● **What you are asked to do**
Pictures in the records below must be left out. Return exactly the lines from the line with "아래의 그림처럼 Primary는" to the line with "港股通非银,市盈率8.5倍,估值分位数1", both included.
***** Stored data *****
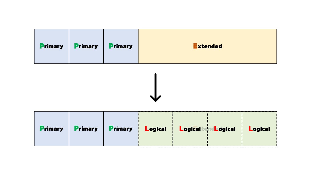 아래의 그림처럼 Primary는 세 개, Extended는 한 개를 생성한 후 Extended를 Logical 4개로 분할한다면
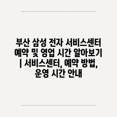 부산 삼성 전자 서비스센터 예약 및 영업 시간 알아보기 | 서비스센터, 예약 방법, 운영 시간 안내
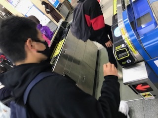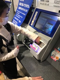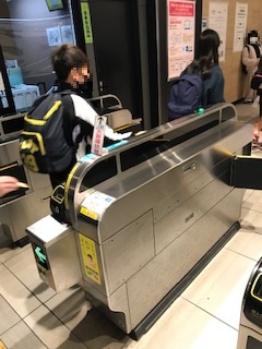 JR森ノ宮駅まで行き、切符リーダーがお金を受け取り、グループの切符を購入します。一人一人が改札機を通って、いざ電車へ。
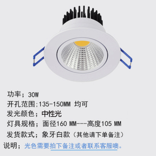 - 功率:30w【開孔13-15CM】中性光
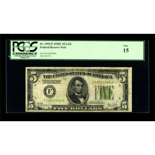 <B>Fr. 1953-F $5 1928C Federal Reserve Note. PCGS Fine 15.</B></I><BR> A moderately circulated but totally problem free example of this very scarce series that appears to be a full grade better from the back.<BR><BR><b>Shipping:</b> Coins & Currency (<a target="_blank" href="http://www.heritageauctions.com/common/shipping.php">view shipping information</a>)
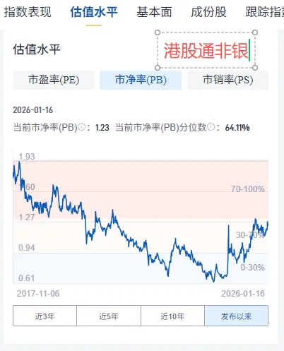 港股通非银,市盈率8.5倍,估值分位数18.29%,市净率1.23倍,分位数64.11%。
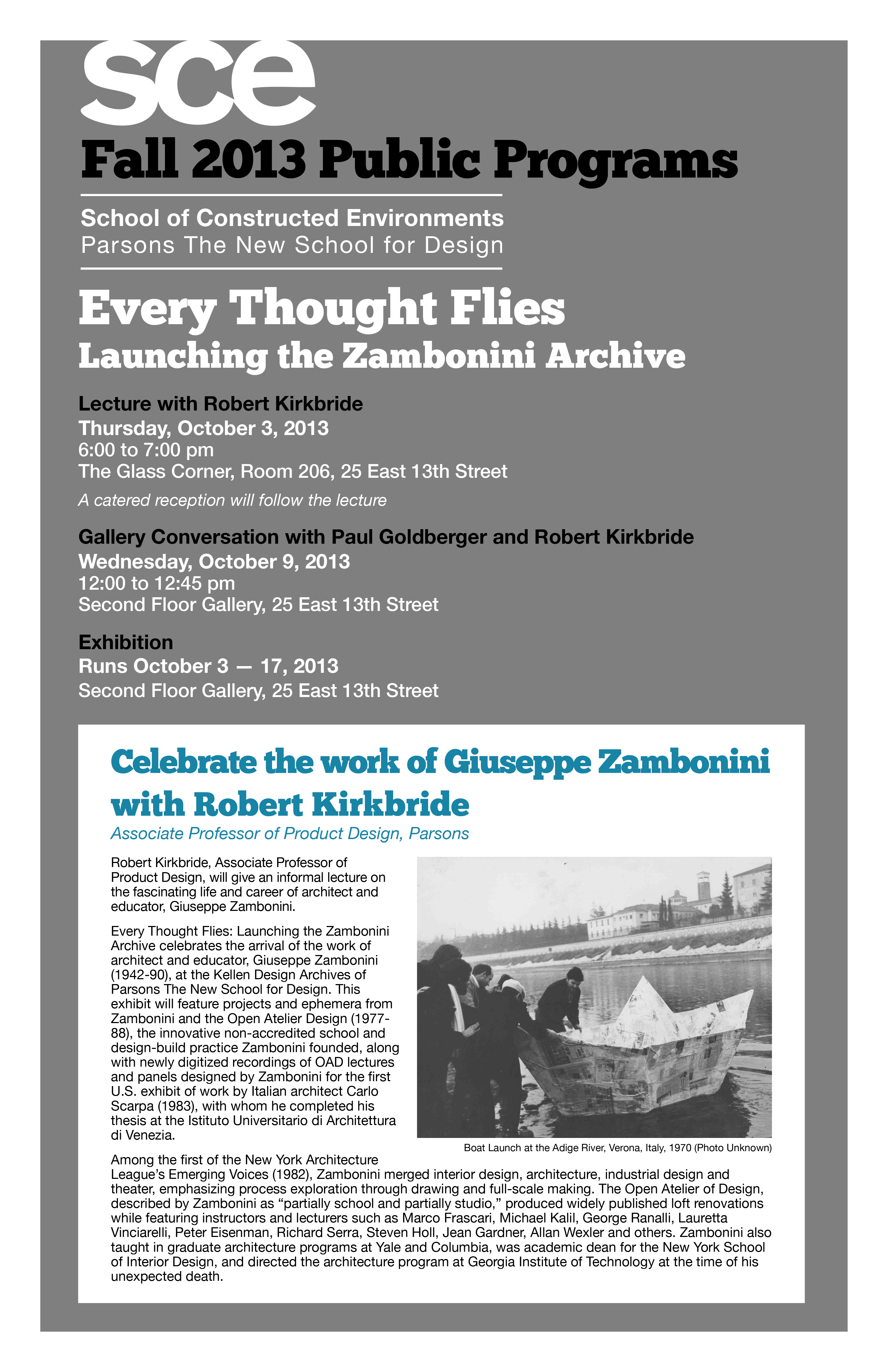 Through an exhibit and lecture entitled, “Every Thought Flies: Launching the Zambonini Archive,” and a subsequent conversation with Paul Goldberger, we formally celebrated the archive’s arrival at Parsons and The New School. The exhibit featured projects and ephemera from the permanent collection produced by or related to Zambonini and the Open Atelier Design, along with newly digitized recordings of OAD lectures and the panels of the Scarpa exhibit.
*****
***** Stored data *****
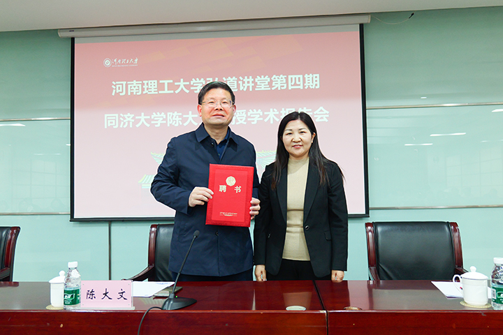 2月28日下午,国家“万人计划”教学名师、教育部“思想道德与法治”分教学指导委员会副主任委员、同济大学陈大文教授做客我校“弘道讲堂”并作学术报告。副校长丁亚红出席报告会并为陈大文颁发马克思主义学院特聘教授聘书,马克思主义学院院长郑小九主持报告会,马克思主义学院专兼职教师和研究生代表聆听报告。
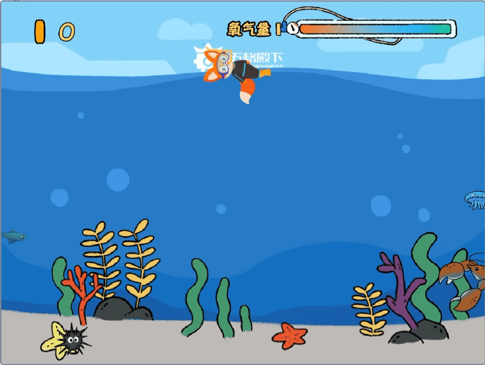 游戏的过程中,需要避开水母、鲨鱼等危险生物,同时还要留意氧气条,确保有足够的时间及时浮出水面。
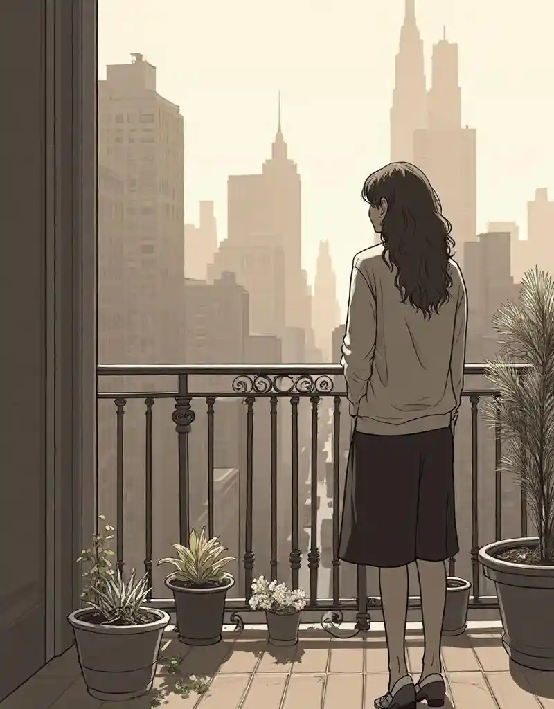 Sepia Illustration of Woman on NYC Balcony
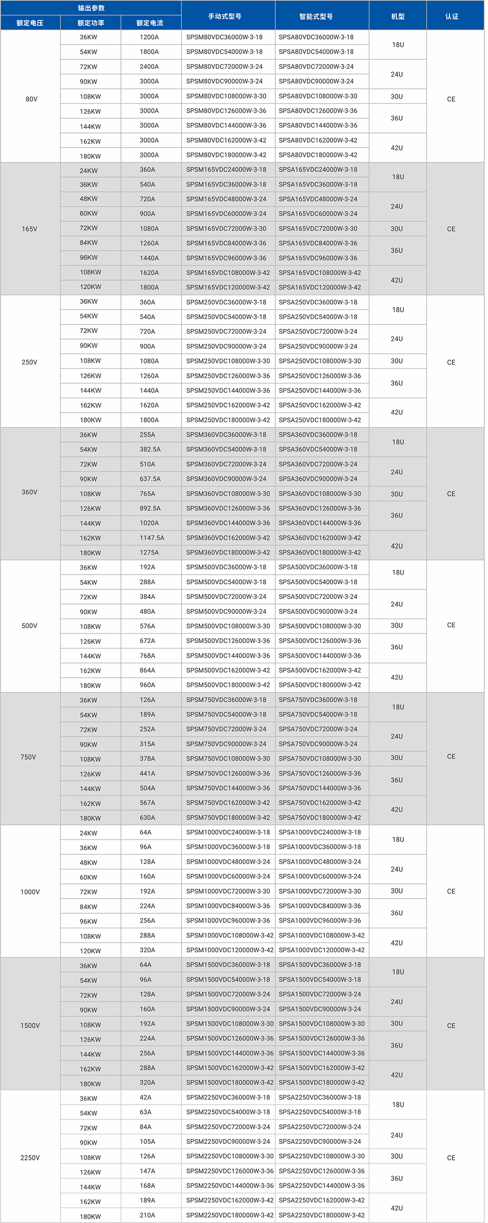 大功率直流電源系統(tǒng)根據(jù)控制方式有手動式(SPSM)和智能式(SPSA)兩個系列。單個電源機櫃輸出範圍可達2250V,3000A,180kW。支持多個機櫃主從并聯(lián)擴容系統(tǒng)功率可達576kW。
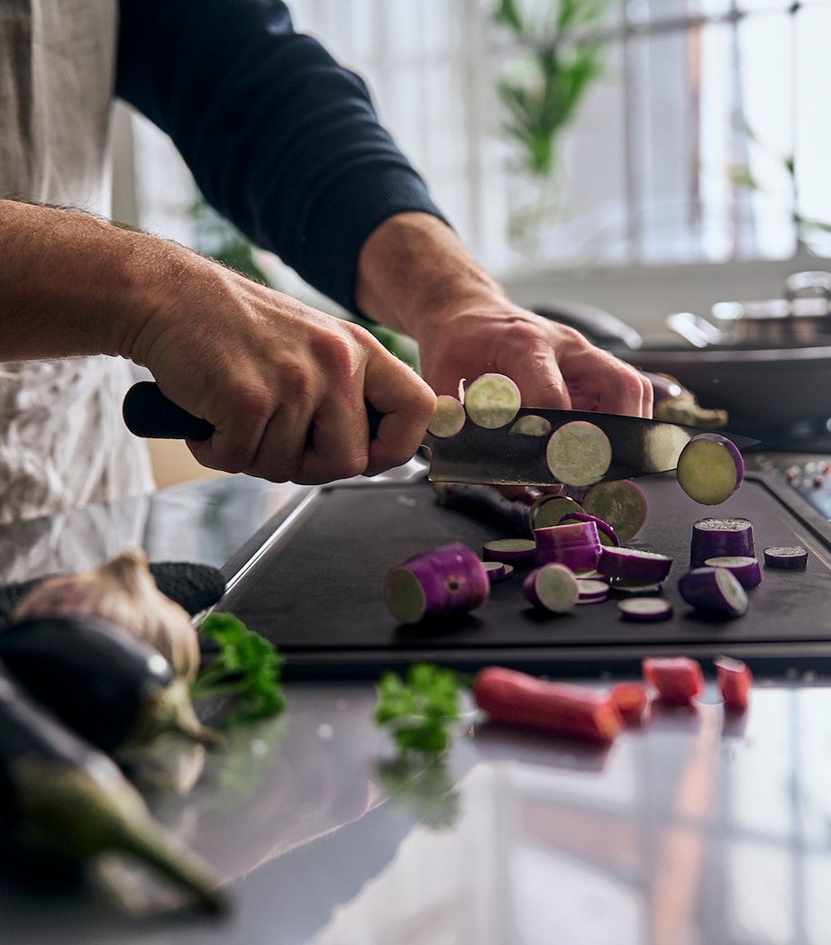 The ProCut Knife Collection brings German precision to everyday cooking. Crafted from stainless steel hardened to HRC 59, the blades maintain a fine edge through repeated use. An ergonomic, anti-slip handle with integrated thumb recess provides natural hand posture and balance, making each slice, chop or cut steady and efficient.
*****
● **Answer for this exercise**
 아래의 그림처럼 Primary는 세 개, Extended는 한 개를 생성한 후 Extended를 Logical 4개로 분할한다면
 부산 삼성 전자 서비스센터 예약 및 영업 시간 알아보기 | 서비스센터, 예약 방법, 운영 시간 안내
 JR森ノ宮駅まで行き、切符リーダーがお金を受け取り、グループの切符を購入します。一人一人が改札機を通って、いざ電車へ。
 - 功率:30w【開孔13-15CM】中性光
 <B>Fr. 1953-F $5 1928C Federal Reserve Note. PCGS Fine 15.</B></I><BR> A moderately circulated but totally problem free example of this very scarce series that appears to be a full grade better from the back.<BR><BR><b>Shipping:</b> Coins & Currency (<a target="_blank" href="http://www.heritageauctions.com/common/shipping.php">view shipping information</a>)
 港股通非银,市盈率8.5倍,估值分位数18.29%,市净率1.23倍,分位数64.11%。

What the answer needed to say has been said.